What Is Callable Preferred Stock?
Callable preferred stock is a type of preferred stock in which the issuer has the right to call in or redeem the stock at a pre-set price after a defined date. Callable preferred stock terms, such as the call price, the date after which it can be called, and the call premium (if any) are all defined in the prospectus. However, callable preferred share terms laid at the time of issuance cannot be changed later.
- Callable preferred stock is a variety of preferred shares that may be redeemed by the issuer at a set value before the maturity date.
- Issuers use this type of preferred stock for financing purposes as they like the flexibility of being able to redeem it.
- Investors enjoy the benefits of preferred shares, while also usually receiving a call premium to compensate for reinvestment risk if the shares are redeemed early.
Redeemable preferred stock, also known as callable preferred stock, is a popular means of financing for large companies, combining the elements of equity and debt financing. Redeemable preferred shares trade on many public stock exchanges. These preferred shares are redeemed at the discretion of the issuing company, where the stock is effectively bought back by the company.
Callable preferred stock is routinely redeemed by corporations. This is done by sending a notice to shareholders detailing the date and conditions of the redemption.

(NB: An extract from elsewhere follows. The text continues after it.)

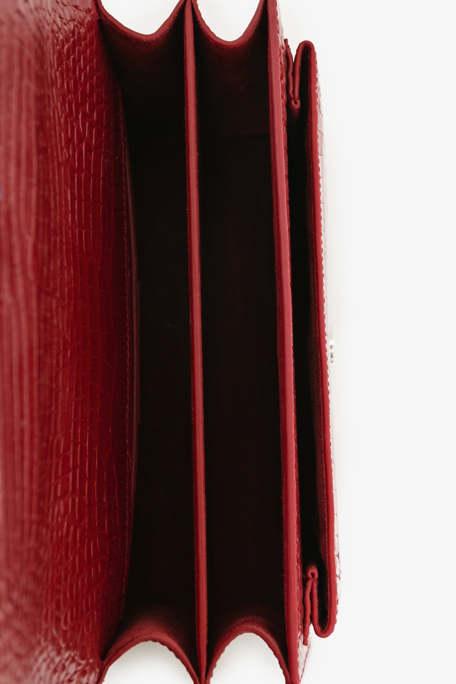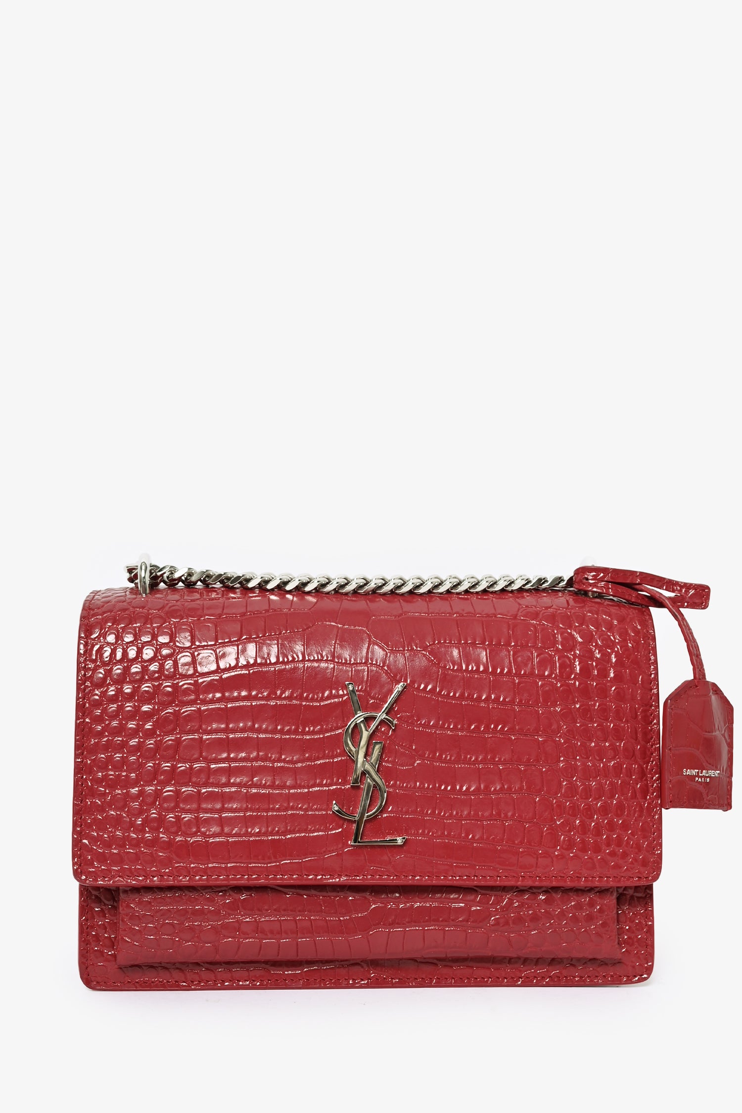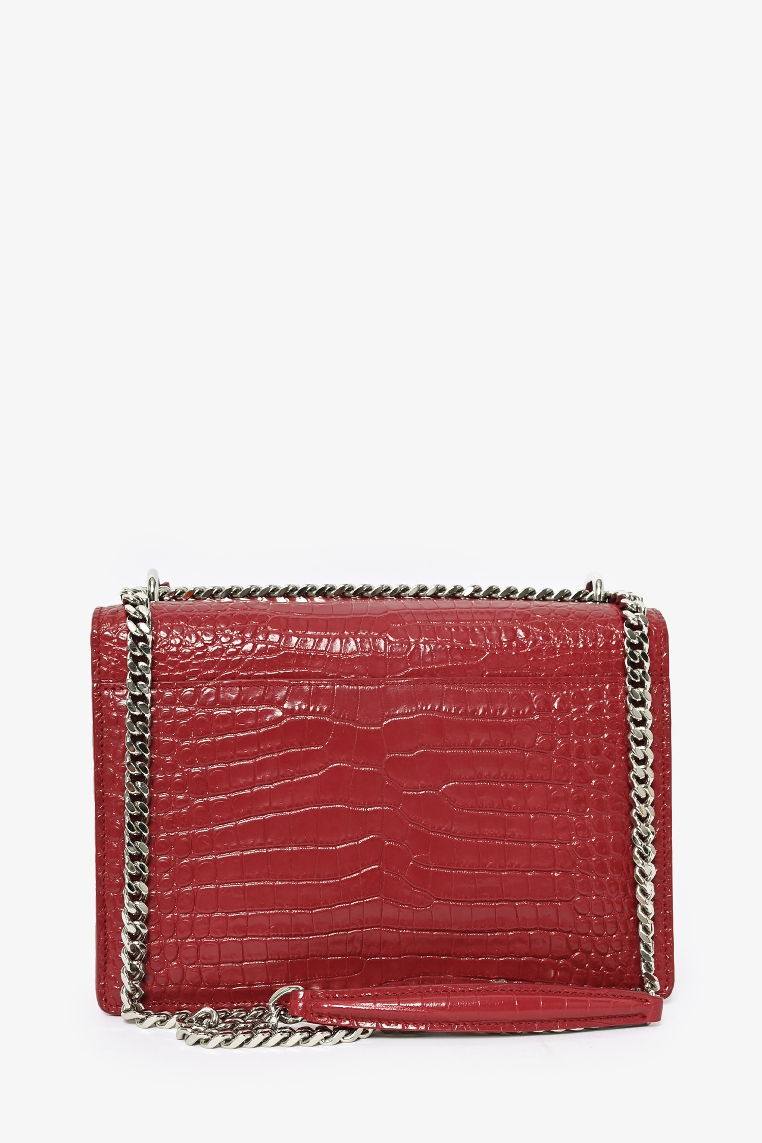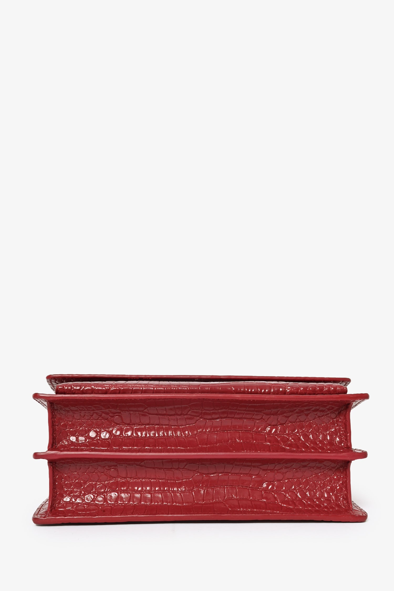 Saint Laurent Red Croc Embossed Leather 'Sunset'Medium Crossbody Bag. Silver-toned hardware. Chain-link shoulder strap. Magnetic snap closure. Suede interior. 4 interior compartments. Exterior pocket. Attached clochette. Comes with dust bag.

For example, on May 16, 2016, HSBC USA Inc. announced that it was redeeming its series F, G, and H floating-rate non-cumulative preferred stock, effective June 30. This means holders of the shares needed to return their shares on that day in exchange for payment of their capital, outstanding dividends and a premium, as the case may be.
Benefits of Callable Preferred Stock
A callable preferred stock issue offers the flexibility to lower the issuer's cost of capital if interest rates decline or if it can issue preferred stock later at a lower dividend rate. For example, a company that has issued callable preferred stock with a 7% dividend rate will likely redeem the issue if it can then offer new preferred shares carrying a 4% dividend rate. The proceeds from the new issue can be used to redeem the 7% shares, resulting in savings for the company.
Conversely, if interest rates rise after it issues the 7% preferred callable shares, the company will not redeem them and instead continue to pay the 7%. The company is protected from rising financing costs and market fluctuations.
An investor owning a callable preferred stock has the benefits of a steady return. However, if the preferred issue is called by the issuer, the investor will most likely be faced with the prospect of reinvesting the proceeds at a lower dividend or interest rate.
To compensate for this, issuers usually pay a call premium at the redemption of the preferred issue, which compensates the investor for part of this reinvestment risk. Investors assure themselves of a guaranteed rate of return if markets drop, but they give up some of the upswing potential of common shares in exchange for greater security.
Callable vs. Retractable Preferred Shares
While callable shares may be redeemed by the issuer, retractable preferred shares are a specific type of preferred stock that lets the owner sell the share back to the issuer at a set price. Sometimes instead of cash, retractable preferred shares can be exchanged for common shares of the issuer. This may be referred to as a “soft” retraction compared with a “hard” retraction where cash is paid out to the shareholders.